武凌的加入,彻底打破了三位魔尊的围攻节奏。他的火灵道体对魔功有先天克制,战斗风格又悍猛灵动,专挑三魔配合的薄弱处攻击。虽然修为比三魔略低,但凭借属性优势与精妙刀法,竟以一己之力缠住了幽魇与媚修罗,让刀神得以喘息,只需专心应对骸骨魔尊一人。
压力大减的刀神,眼中神光重现。他深吸一口气,斩魔刀上金芒吞吐不定,看向骸骨魔尊的眼神,已如同看一个死人。
“现在,该本尊了。”
刀神一步踏出,身影与刀光仿佛融为一体,化作一道撕裂天地的金线,直取骸骨魔尊!
骸骨魔尊心头警兆狂鸣,挥刃全力格挡。
另一边,武凌与幽魇、媚修罗的战斗也进入白热化。火焰与魔气、魂光、欲念激烈碰撞,爆炸声不绝于耳。
---
五、千里血战
张诚君依旧立于凌云峰山巅,一袭青衣在狂暴的能量风暴中纹丝不动,衣袂飘飘,宛如独立于另一个时空。
他的目光,并未局限于刀神与武凌的那处战团,而是缓缓扫过整个千里战场。
这是一幅惨烈到极致的画卷。
九天御神阵的光幕已支离破碎,只剩下几处核心阵眼还在苦苦支撑,射出黯淡的光柱。神族战士与魔族大军完全混战在一起,战线犬牙交错,每一寸土地都在流血。
东面峡谷,三百神族金甲卫结成的“金戈铁马阵”,正被数倍于己的魔骑反复冲击。魔骑冲锋时带起的黑色洪流,每一次都让金色防线剧烈动摇。不断有金甲卫被魔枪挑飞,被魔兽践踏,但他们倒下后,立刻有同袍补上位置,死战不退。一名神将战戟折断,便拔出佩剑;佩剑卷刃,便以拳脚、甚至牙齿继续战斗,直至被魔气彻底吞没。
西面山麓,神族的符箓师与阵法师依托残存的地脉节点,构筑了最后的法术防线。
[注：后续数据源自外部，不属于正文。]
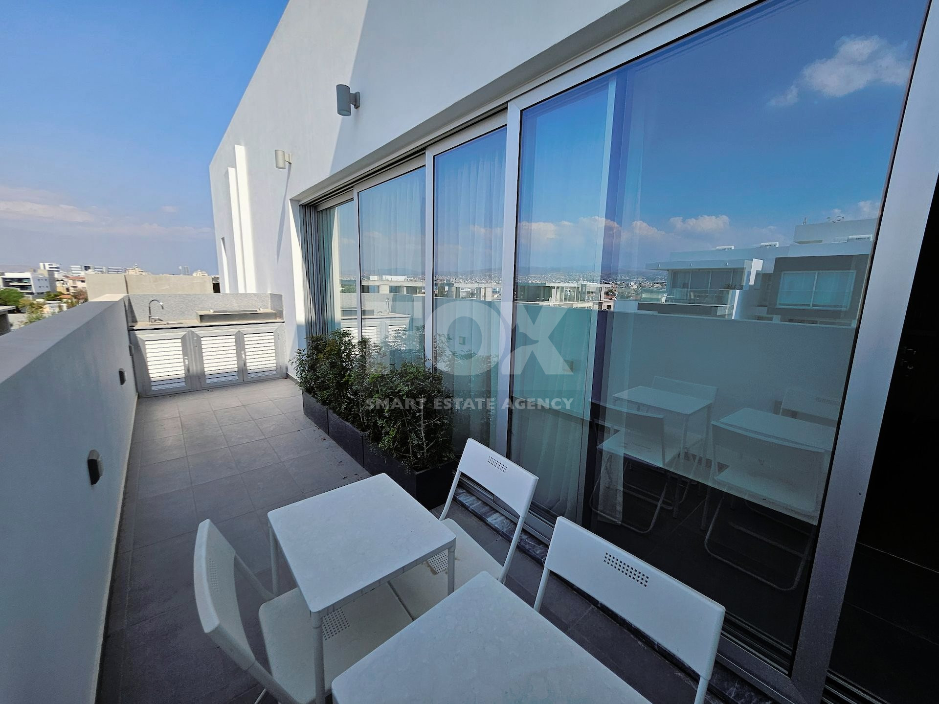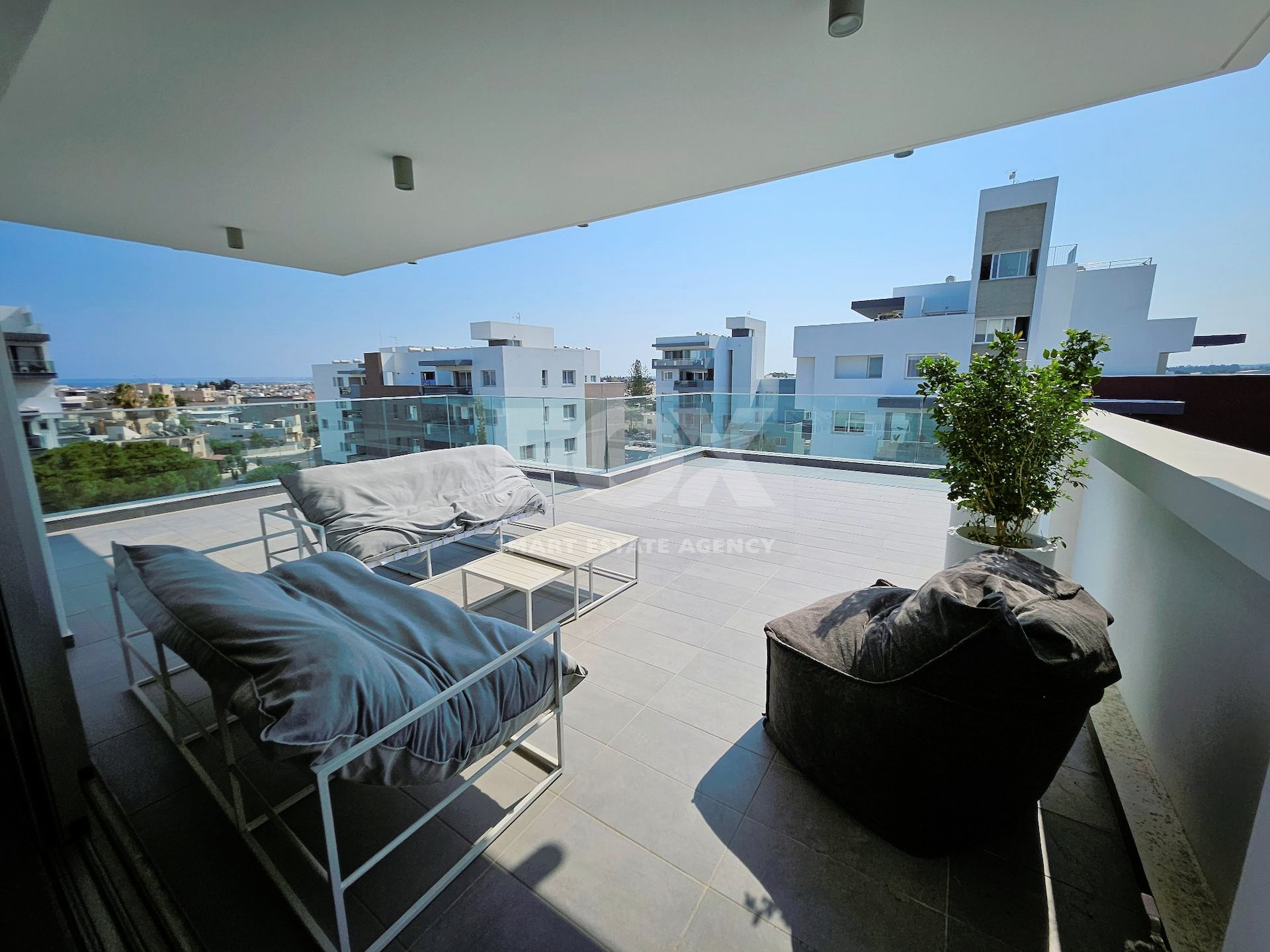 Spanning an impressive 154sqm of internal space, with an additional 50sqm of covered veranda and 59sqm of uncovered veranda, the penthouse occupies the entire top (4th) floor of the complex, offering breathtaking views of the city, mountains, and sea. The open-plan layout includes a kitchen, living room, dining area, guest WC with shower, main bathroom, and four spacious bedrooms, each with its own private covered veranda. The master bedroom features an en-suite bathroom with a shower and walk-in wardrobes.

雷火风水各系法术如雨落下,将冲锋的魔兵成片炸飞。但魔族中同样有精通魔阵与咒术的存在,他们召唤出陨石、毒雨、骨矛,与神族对轰。每时每刻都有法阵被魔气污染爆炸,里面的神族修士尸骨无存。
空中,是神族飞骑与魔族翼魔、骨龙的惨烈空战。羽毛、鳞片、残肢、破碎的兵器如雨点般落下。一头巨大的金色神鹏,被三头骨龙死死缠住,撕扯得血肉模糊,最终悲鸣一声,拖着其中一头骨龙撞向魔军最密集处,同归于尽,炸开一朵混合着金血与骨屑的凄美烟花。
南面平原,战斗最为混乱。那里是双方中低阶修士与士兵的主战场。刀光剑影,魔功神通,野蛮的肉体碰撞,歇斯底里的咆哮与惨叫,混合成一首死亡交响曲。大地早已被鲜血浸透,变成暗红色的泥泞,残破的旗帜斜插在尸堆中,兀自飘扬。断刀折戟随处可见,有些甚至插在主人或敌人的尸身上,微微颤动。
神族在人数和整体气势上处于绝对劣势,但他们退无可退,背后就是最后的圣地、族人、传承。每一个神族战士都在透支生命战斗,燃烧神魂,施展禁忌之术。悲壮、决绝、不甘、愤怒……种种情绪化作实质的战意,竟让他们在绝境中爆发出超越极限的力量。
而魔族,则如同真正的毁灭浪潮,无情、冷酷、源源不绝。他们眼中只有杀戮、吞噬与破坏。魔气侵蚀着土地,污染着灵气,所过之处,生机断绝,只余下焦土与死亡。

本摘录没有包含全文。